Promise at Dawn
- First UK edition (publ. Michael Joseph)
- Author: Romain Gary
- Original title: La promesse de l'aube
- Translator: John Markham Beach
- Language: French
- Publisher: Éditions Gallimard
- Publication date: 1960
- Publication place: France
- Published in English: 1961
- Pages: 374

= Promise at Dawn (novel) =

1960 novel by Romain Gary

Promise at Dawn (La promesse de l'aube) is a 1960 autobiographical novel by the French writer Romain Gary.

==Summary==
Romain Gary tells the story of his childhood and youth with his mother, a Russian former actress carried by a love and unconditional faith in her son. The story, full of humor and tenderness, tells the story of her tireless battle against adversity, the extravagant energy she deploys so that he attain to a great destiny, and the efforts of Romain, who is willing to do all to make his life coincide "with the naive dream of the one he loves".

The first part begins with the reveries of a mature Romain, remembering how, out of love for his mother, he had decided to stand against the stupidity and meanness of the world. It then relates his childhood years in the city of Wilno (now Vilnius).
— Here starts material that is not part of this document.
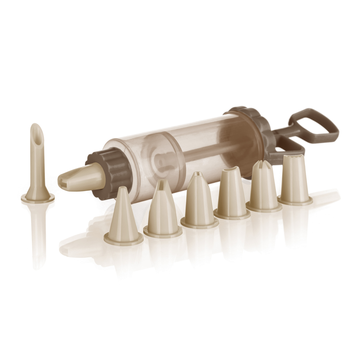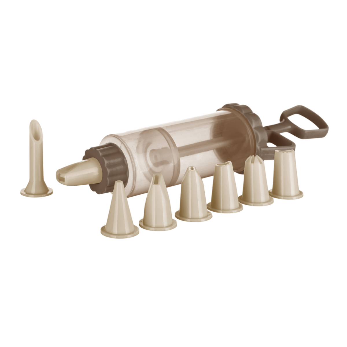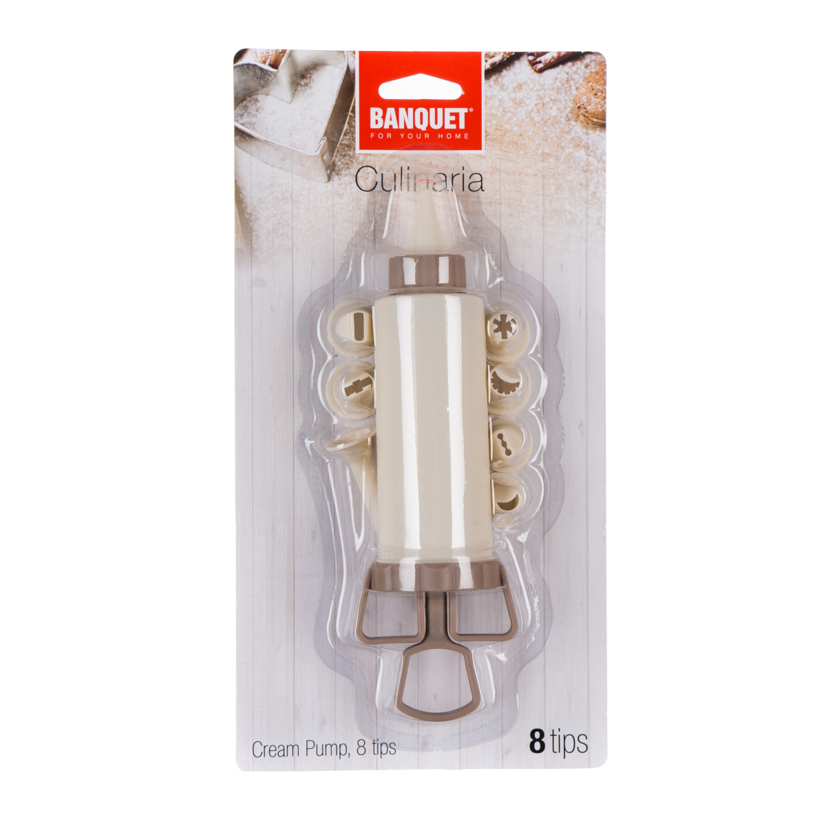 Műanyag habnyomó szett a sütemények kreatív díszítéséhez. A szett egy darab habnyomót és nyolc darab különböző díszítőcsőrt tartalmaz. Mosogatógépben mosható.

Romain's mother instills in him his dreams of triumph: he will be a great man, admired and adulated, a great persuader, a great artist. They will go to France, a country she adorns with all virtues. During a brief period of prosperity, due to the success of a "Parisian haute couture" shop energetically run by his mother, he leads an extravagant lifestyle with a whole host of tutors. His mother pushes him, without success, into various artistic activities, and he does his best to discover his talents. He begins to write (or more precisely to look for pseudonyms evoking his future glory). He tells how he later become what his mother had predicted — a famous writer, a war hero while relating the penniless period that followed their arrival in Wilno. His mother, to his horror, would announce his ambitions to the neighbors, and was duly showered with jibes. The failure of the fashion house brings them back to hard times. They move to Warsaw, "temporarily", awaiting their move to what they consider their "real" country, France. A humiliation at school - he did not react whereas his mother was called "cocotte" - leads to the decision to move to Nice.

In the second part, the narrator refers to his adolescence in Nice. Romain's mother, despite her energy in the face of adversity, is forced to ask for help ~ we imagine that she turns to the father of Romain. Romain devotes himself to writing, in order to attain the expected fame. He also makes his first experiences as a man, making his mother proud. She at last finds stability by becoming manager of the Hotel-Pension Mermonts. Life becomes happy. And yet, Romain is plagued by the worry that he will not succeed in time to offer his victory to his mother, when he learns that she has diabetes, a fact she had been hiding from him for two years. Old and sick, she continues to fight forcefully and to convey to her son her certainty of a bright future for him. He moves to Aix-en-Provence, then to Paris to get a law degree, and in 1938 becomes an officer cadet at the air school of Salon-de-Provence. But he is not promoted, because he has only recently become a French citizen, and he invents a lie to avoid giving his mother too painful a disappointment. When the war breaks out, he goes as a simple corporal. He sees her again in 1940 on leave, and when he leaves her she is very unwell.

The third part covers the war years, during which he receives from his mother countless letters of encouragement and exhortations to valor. Having joined the Free French Air Forces, he fights in Great Britain and Africa and ends the war with the rank of captain. He is made Compagnon de la Libération and officer of the Legion d'Honneur. He publishes Éducation européenne in 1945 in England, which gets a favorable reception, and he is given the opportunity to enter the diplomatic service for "exceptional services". Returning to Nice at the end of the war, he discovers that his mother has died three and a half years earlier, having given a friend the task of sending her son hundreds of letters that she had written for him in the days preceding her death.

==Adaptations==

Samuel Taylor adapted the novel into a three-act play named First Love (New York opening: 25 Dec 1961).

Two films based on the novel, and sharing the same title, have been released: Promise at Dawn (1970) directed by Jules Dassin, and Promise at Dawn (2017) directed by Éric Barbier.